Mi reacción no fue muy templada, aunque no dejé de ser amable. Le conté aquello de que el saber no ocupa lugar y que resulta grato estar al corriente de lo que pasa en el mundo. Pero insistió, pugnaz, el condenado, quizá retado por mi tono anterior: y a ti para qué te vale saber lo que pasa en Alemania. Ya se me estaba gastando una virtud de la que ando escaso últimamente, la paciencia. Reuní la que me quedaba y subió un poquito mi tono. A ver, respondí, seguro que tú te sabes de pe a pa la alineación del Real Madrid o del Barcelona, y yo te puedo plantear que para qué te vale eso, y hasta puedo yo mismo darte la respuesta: para nada. Si te pregunto cómo se llama el actor que hacía de portero en aquello de “Aquí no hay quien viva” o cuál es el nombre de la novia de Casillas, me vas a dar esos datos la mar de orgulloso, y yo no sostengo que esté mal conocerlos, pero afirmo que eso sirve para menos que enterarse del debate que los alemanes tienen ahora mismo a propósito de un Presidente del país que les salió un poco rana. ¿A que tú desconoces el nombre del Presidente de Alemania? Picado, como corresponde, me replicó que no, pero que no veía gran utilidad en saber eso.

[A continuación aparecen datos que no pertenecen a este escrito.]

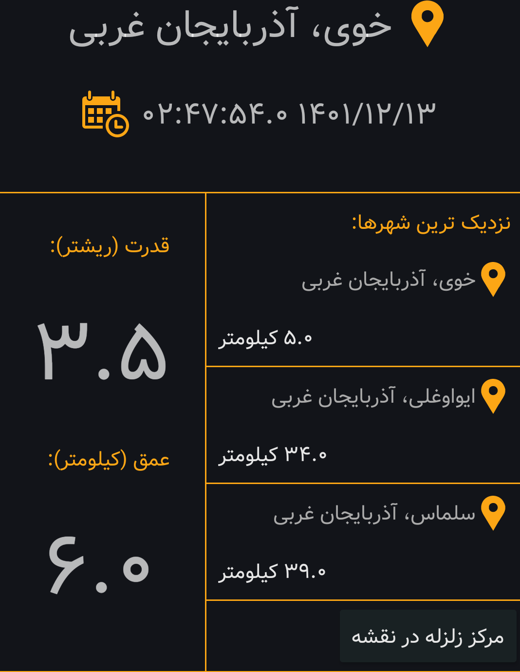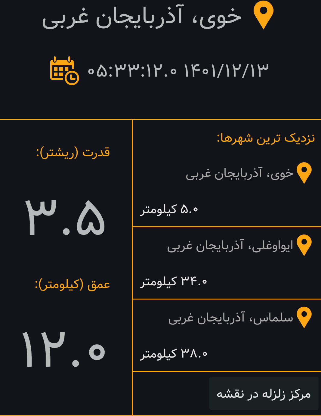 مشخصات زمین لرزه های امروز (۱۳ اسفند ۱۴۰۱)؛
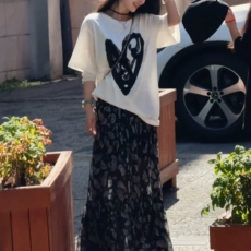 wildrooms2025新款短袖中长款T恤裙女士夏字母刺绣宽松百搭上衣

Así que contraataqué: pues verás, cuando mañana acabes una carrera y en alguna empresa o institución importante y seria te citen para una entrevista de trabajo, no te van a pedir que les digas el segundo apellido del Guaje Villa, sino que querrán averiguar si sabes lo que pasa en el mundo y si eres capaz de dar alguna explicación de unas cuantas cosas importantes, si hablas idiomas, si tienes alguna idea sobre arte o literatura, si sigues los debates de la política, si estás al tanto de los grandes conflictos internacionales, y así. Como el chaval es muy buen tipo y bien listo, decidió dejar nuestro diálogo en este punto, y quién sabe si quedó pensándolo o si se consoló con el muy hispánico “hay gente pa to”.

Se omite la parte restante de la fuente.